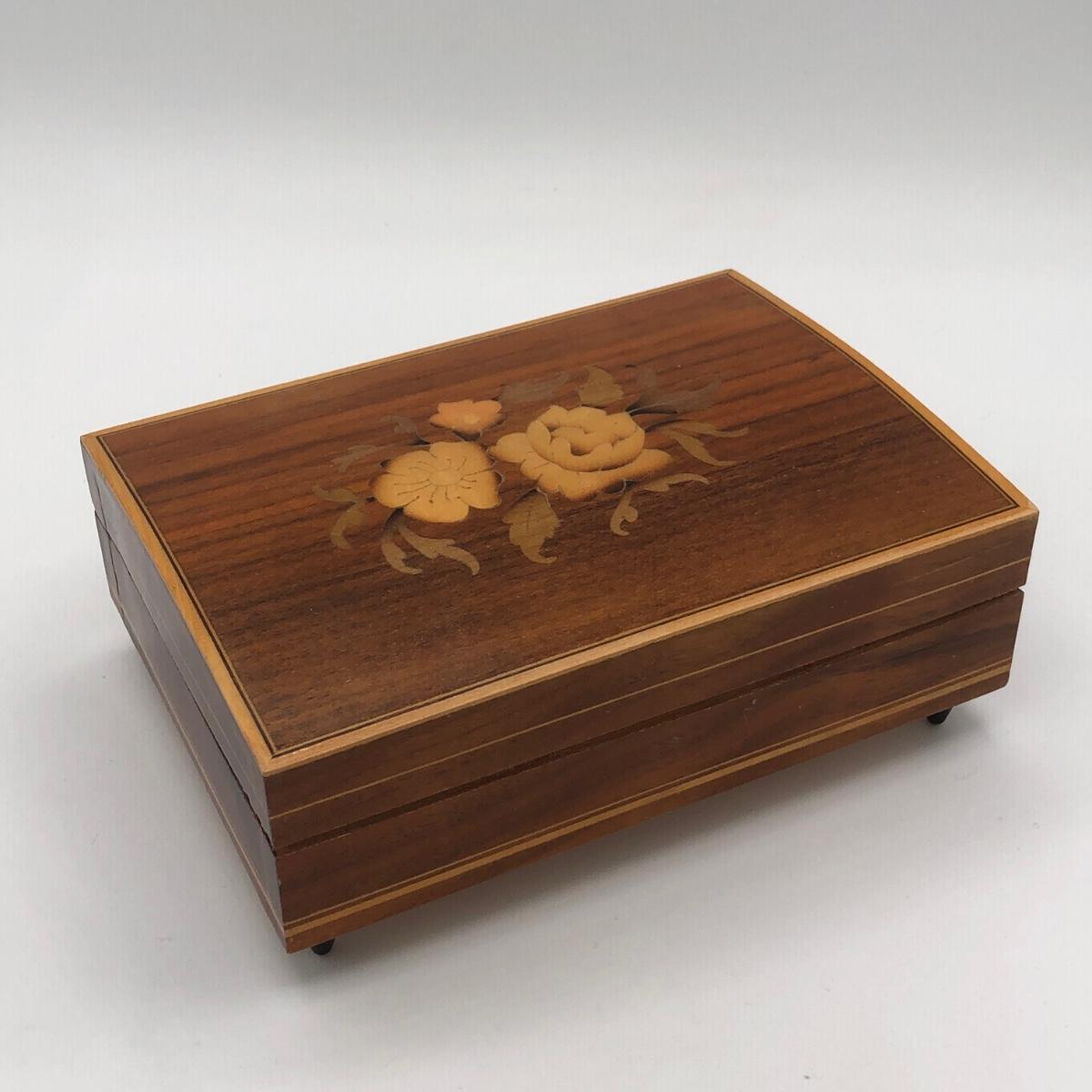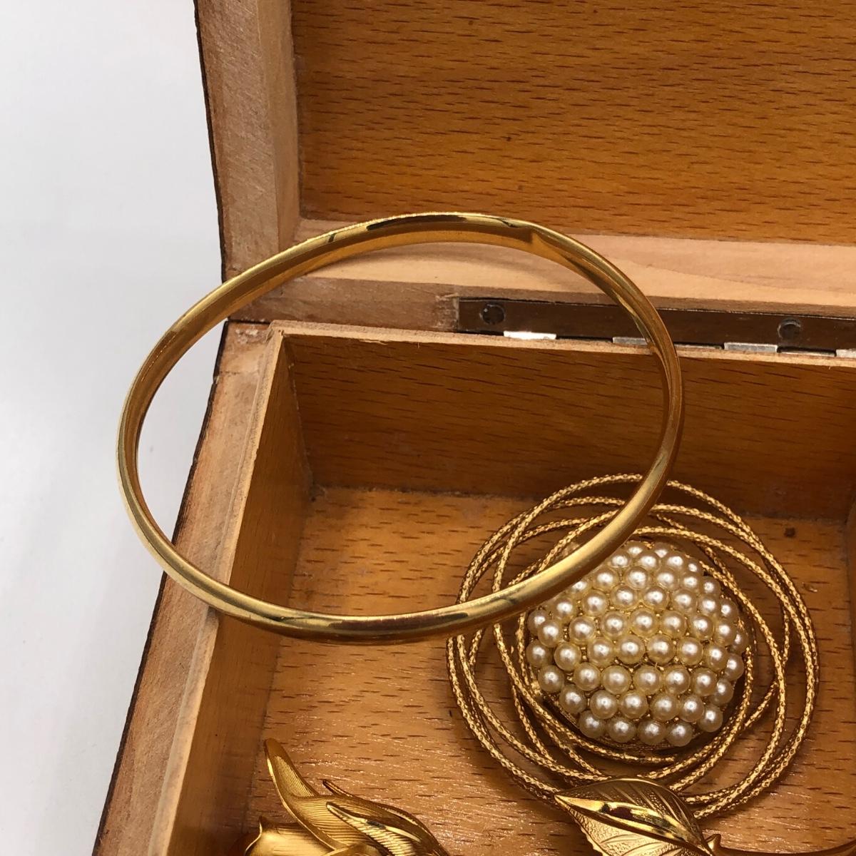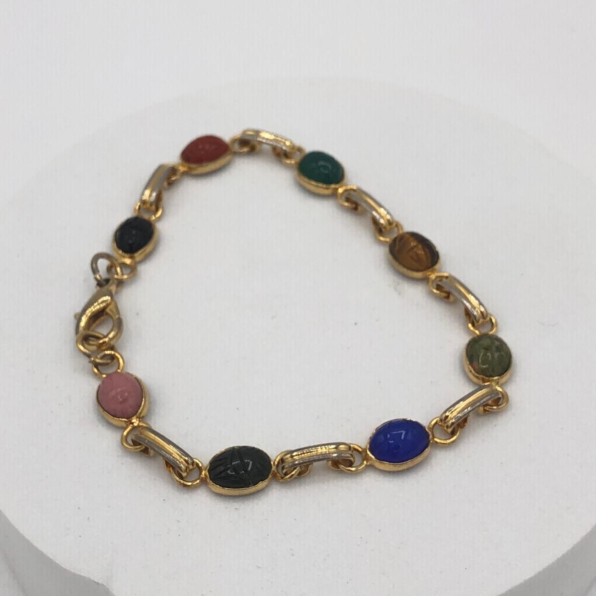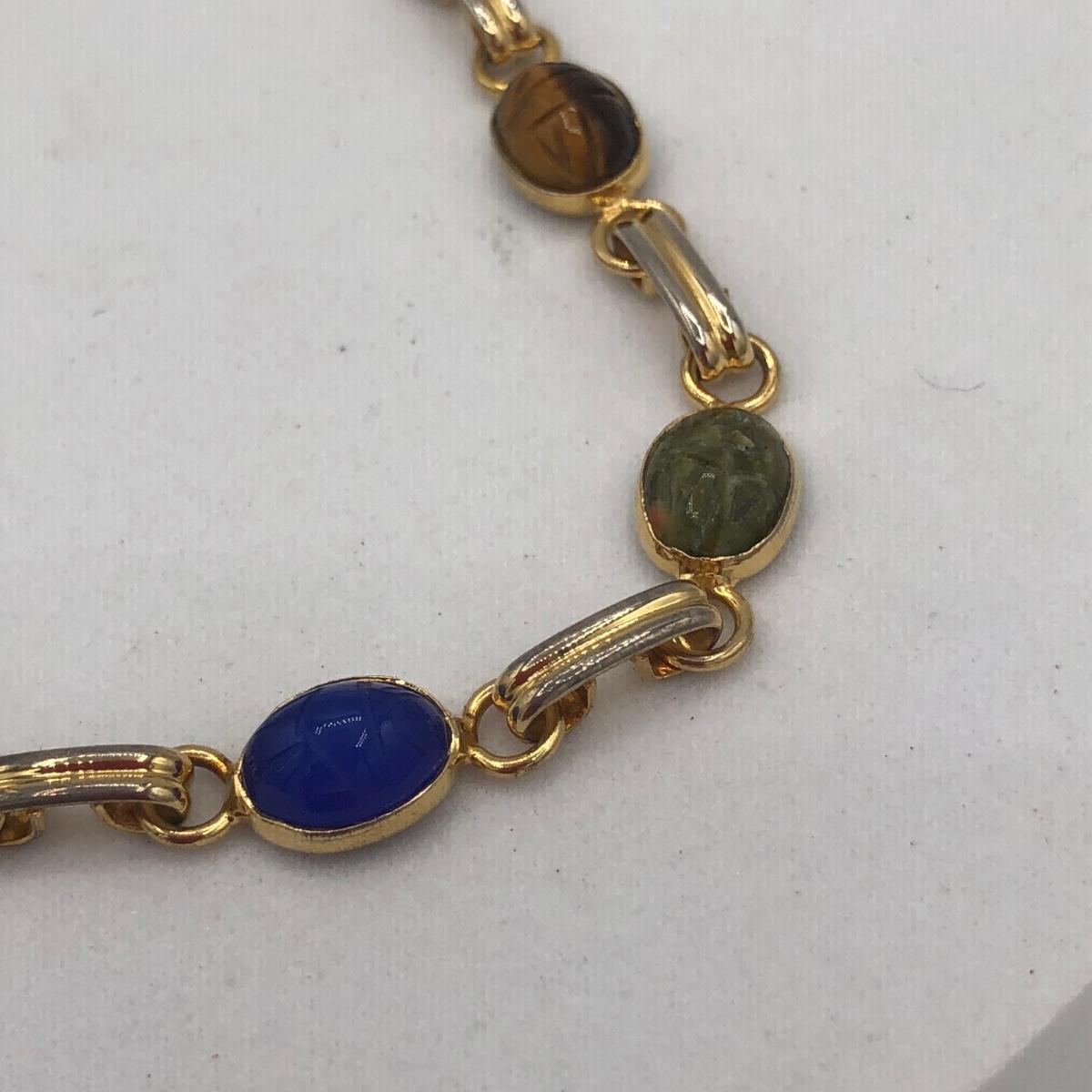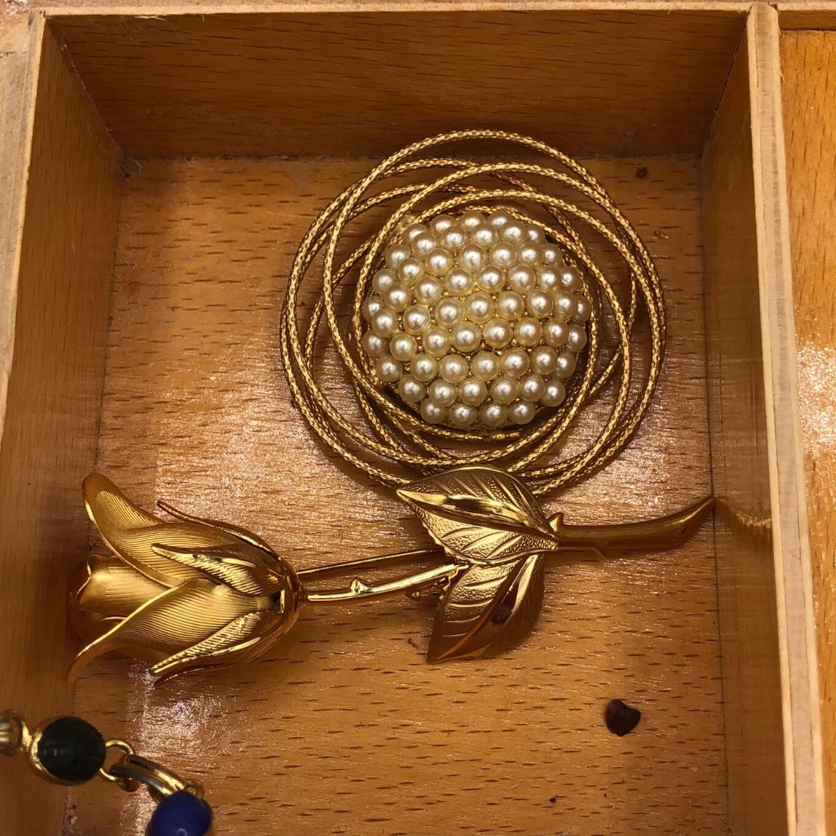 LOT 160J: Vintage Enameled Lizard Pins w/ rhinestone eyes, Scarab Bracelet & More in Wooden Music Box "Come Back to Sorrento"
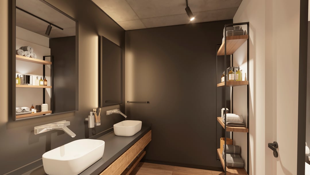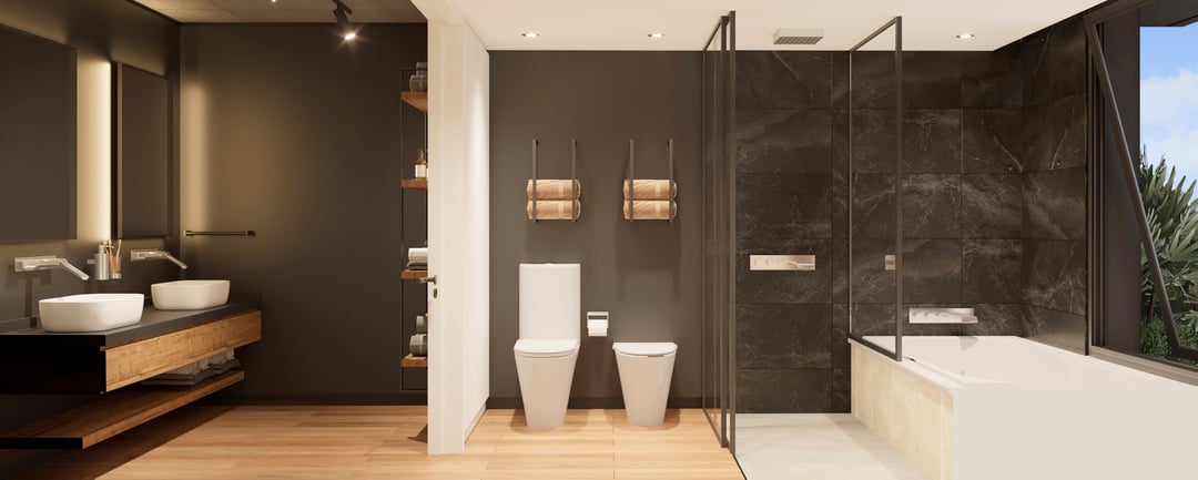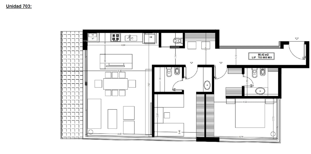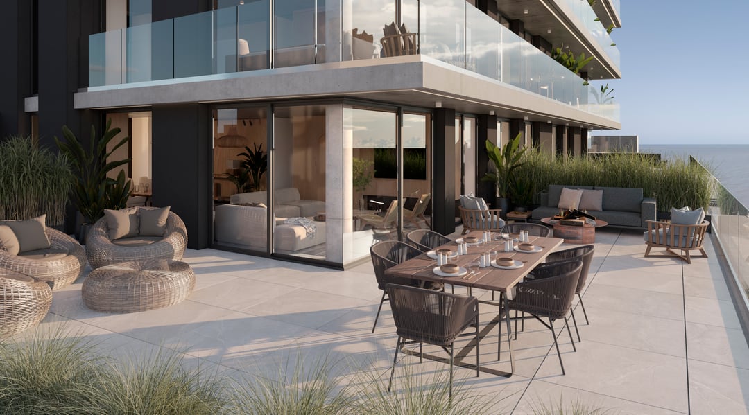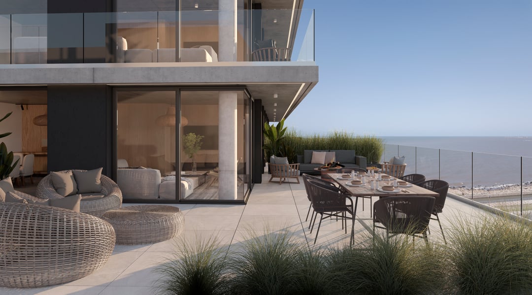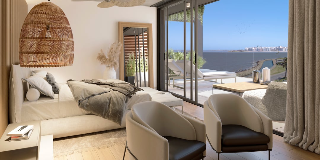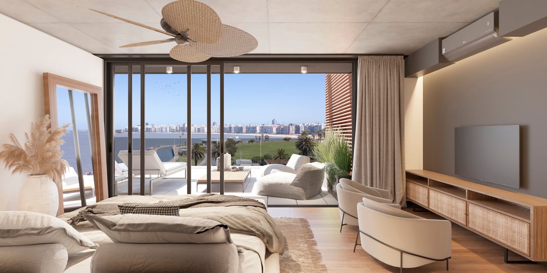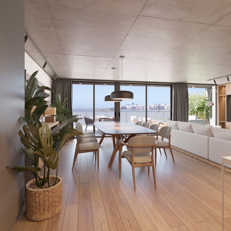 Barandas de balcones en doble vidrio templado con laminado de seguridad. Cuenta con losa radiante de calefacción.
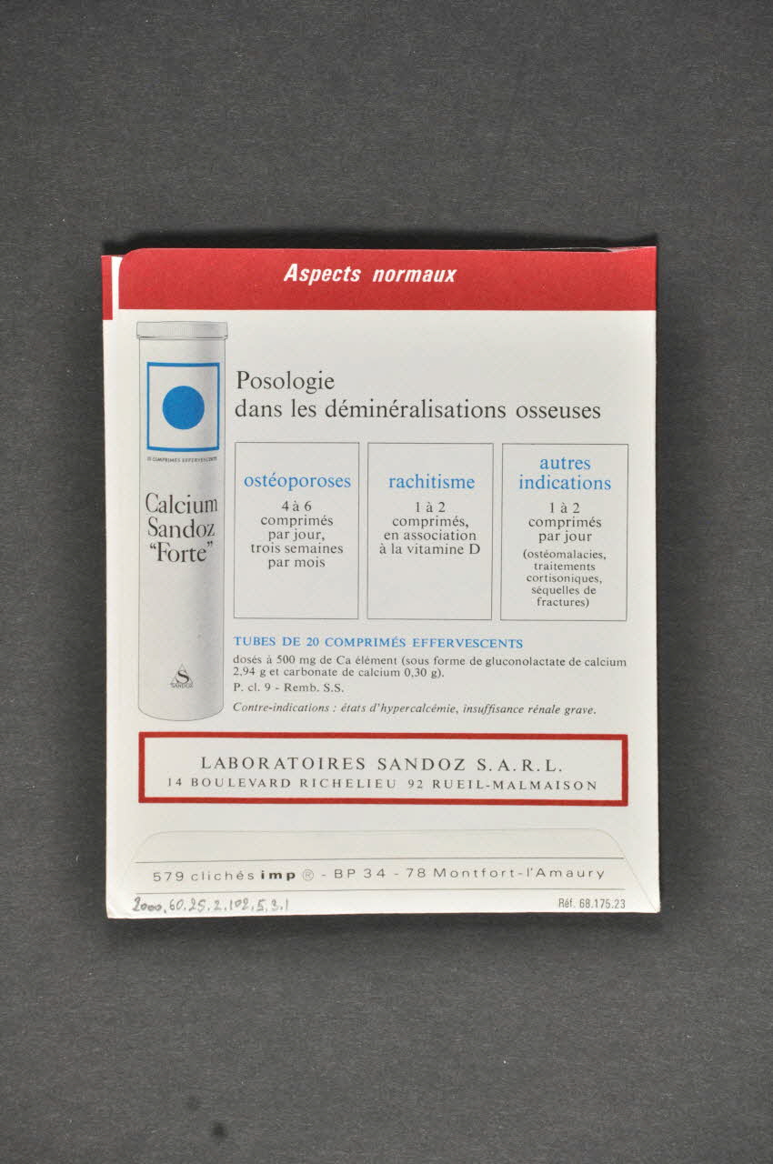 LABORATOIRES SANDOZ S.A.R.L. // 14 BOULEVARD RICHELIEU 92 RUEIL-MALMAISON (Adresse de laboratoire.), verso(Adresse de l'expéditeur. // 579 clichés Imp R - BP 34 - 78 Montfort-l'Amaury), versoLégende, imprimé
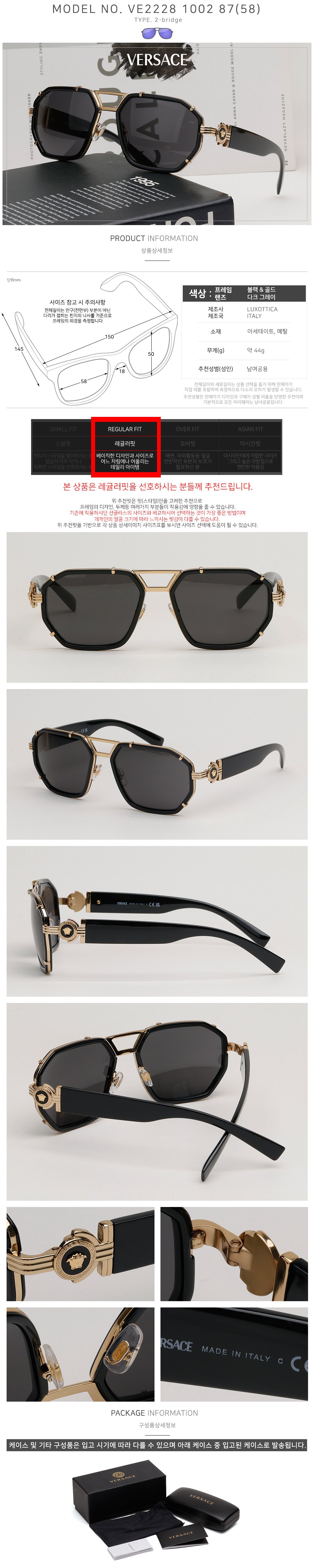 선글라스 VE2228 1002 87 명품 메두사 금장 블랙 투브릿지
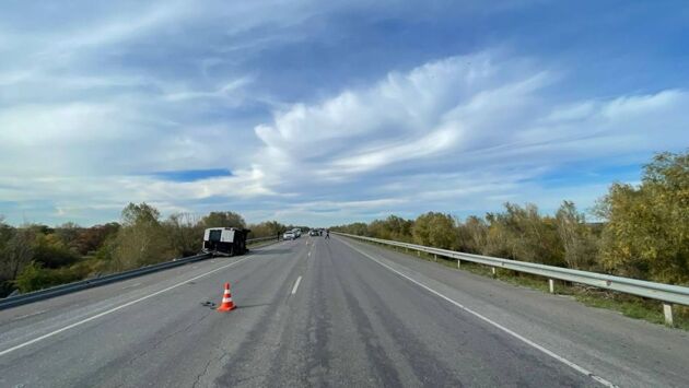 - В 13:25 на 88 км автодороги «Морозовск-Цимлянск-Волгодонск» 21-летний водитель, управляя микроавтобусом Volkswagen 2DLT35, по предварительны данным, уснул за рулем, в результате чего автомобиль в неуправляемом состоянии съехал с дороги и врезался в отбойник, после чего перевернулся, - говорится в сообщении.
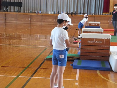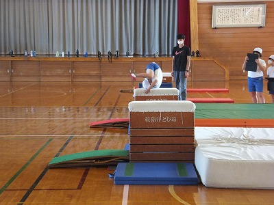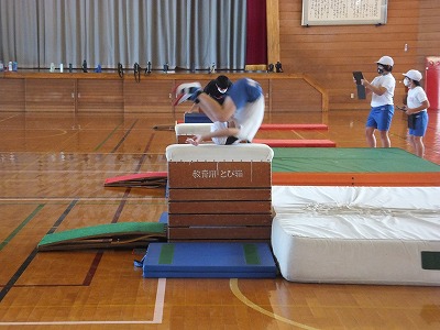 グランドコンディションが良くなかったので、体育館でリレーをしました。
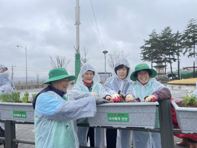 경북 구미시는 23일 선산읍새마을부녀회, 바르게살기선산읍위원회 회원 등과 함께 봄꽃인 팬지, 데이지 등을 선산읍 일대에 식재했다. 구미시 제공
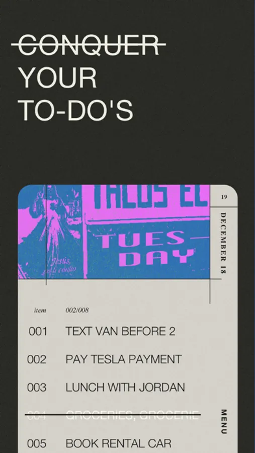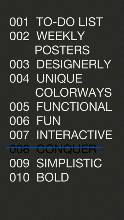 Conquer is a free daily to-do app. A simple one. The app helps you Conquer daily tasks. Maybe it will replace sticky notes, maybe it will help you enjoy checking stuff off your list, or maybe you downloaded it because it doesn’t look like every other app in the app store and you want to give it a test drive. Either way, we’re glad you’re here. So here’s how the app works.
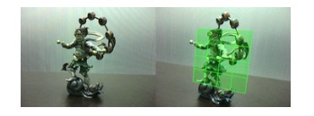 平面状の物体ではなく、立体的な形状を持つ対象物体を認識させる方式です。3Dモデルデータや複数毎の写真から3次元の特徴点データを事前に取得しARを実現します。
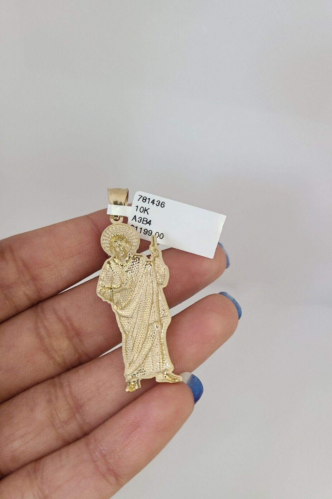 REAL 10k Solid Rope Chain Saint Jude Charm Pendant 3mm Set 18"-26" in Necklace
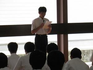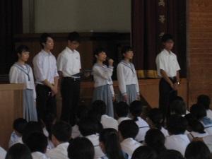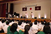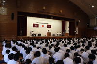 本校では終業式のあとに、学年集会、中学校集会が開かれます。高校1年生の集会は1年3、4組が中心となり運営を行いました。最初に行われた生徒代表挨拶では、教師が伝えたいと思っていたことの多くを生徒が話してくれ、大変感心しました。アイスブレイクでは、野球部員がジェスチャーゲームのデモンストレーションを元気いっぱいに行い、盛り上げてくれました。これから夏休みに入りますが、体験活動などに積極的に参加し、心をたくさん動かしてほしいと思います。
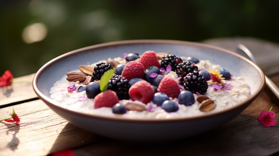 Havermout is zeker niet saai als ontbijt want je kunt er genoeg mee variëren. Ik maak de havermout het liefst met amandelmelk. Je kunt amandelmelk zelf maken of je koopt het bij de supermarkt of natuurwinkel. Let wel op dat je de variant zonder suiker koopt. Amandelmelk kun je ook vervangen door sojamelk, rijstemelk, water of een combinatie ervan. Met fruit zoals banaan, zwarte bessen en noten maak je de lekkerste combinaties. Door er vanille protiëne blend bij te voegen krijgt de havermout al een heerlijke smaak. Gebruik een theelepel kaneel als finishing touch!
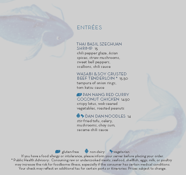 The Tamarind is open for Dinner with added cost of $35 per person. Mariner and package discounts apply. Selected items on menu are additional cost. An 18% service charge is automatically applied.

::::::::

| WHAT YOU ARE ASKED TO DO |
Set down the entire material verbatim, with each picture left out.

| RESPONSE BELOW |
 LOT 160J: Vintage Enameled Lizard Pins w/ rhinestone eyes, Scarab Bracelet & More in Wooden Music Box "Come Back to Sorrento"
 Barandas de balcones en doble vidrio templado con laminado de seguridad. Cuenta con losa radiante de calefacción.
 LABORATOIRES SANDOZ S.A.R.L. // 14 BOULEVARD RICHELIEU 92 RUEIL-MALMAISON (Adresse de laboratoire.), verso(Adresse de l'expéditeur. // 579 clichés Imp R - BP 34 - 78 Montfort-l'Amaury), versoLégende, imprimé
 선글라스 VE2228 1002 87 명품 메두사 금장 블랙 투브릿지
 - В 13:25 на 88 км автодороги «Морозовск-Цимлянск-Волгодонск» 21-летний водитель, управляя микроавтобусом Volkswagen 2DLT35, по предварительны данным, уснул за рулем, в результате чего автомобиль в неуправляемом состоянии съехал с дороги и врезался в отбойник, после чего перевернулся, - говорится в сообщении.
 グランドコンディションが良くなかったので、体育館でリレーをしました。
 경북 구미시는 23일 선산읍새마을부녀회, 바르게살기선산읍위원회 회원 등과 함께 봄꽃인 팬지, 데이지 등을 선산읍 일대에 식재했다. 구미시 제공
 Conquer is a free daily to-do app. A simple one. The app helps you Conquer daily tasks. Maybe it will replace sticky notes, maybe it will help you enjoy checking stuff off your list, or maybe you downloaded it because it doesn’t look like every other app in the app store and you want to give it a test drive. Either way, we’re glad you’re here. So here’s how the app works.
 平面状の物体ではなく、立体的な形状を持つ対象物体を認識させる方式です。3Dモデルデータや複数毎の写真から3次元の特徴点データを事前に取得しARを実現します。
 REAL 10k Solid Rope Chain Saint Jude Charm Pendant 3mm Set 18"-26" in Necklace
 本校では終業式のあとに、学年集会、中学校集会が開かれます。高校1年生の集会は1年3、4組が中心となり運営を行いました。最初に行われた生徒代表挨拶では、教師が伝えたいと思っていたことの多くを生徒が話してくれ、大変感心しました。アイスブレイクでは、野球部員がジェスチャーゲームのデモンストレーションを元気いっぱいに行い、盛り上げてくれました。これから夏休みに入りますが、体験活動などに積極的に参加し、心をたくさん動かしてほしいと思います。
 Havermout is zeker niet saai als ontbijt want je kunt er genoeg mee variëren. Ik maak de havermout het liefst met amandelmelk. Je kunt amandelmelk zelf maken of je koopt het bij de supermarkt of natuurwinkel. Let wel op dat je de variant zonder suiker koopt. Amandelmelk kun je ook vervangen door sojamelk, rijstemelk, water of een combinatie ervan. Met fruit zoals banaan, zwarte bessen en noten maak je de lekkerste combinaties. Door er vanille protiëne blend bij te voegen krijgt de havermout al een heerlijke smaak. Gebruik een theelepel kaneel als finishing touch!
 The Tamarind is open for Dinner with added cost of $35 per person. Mariner and package discounts apply. Selected items on menu are additional cost. An 18% service charge is automatically applied.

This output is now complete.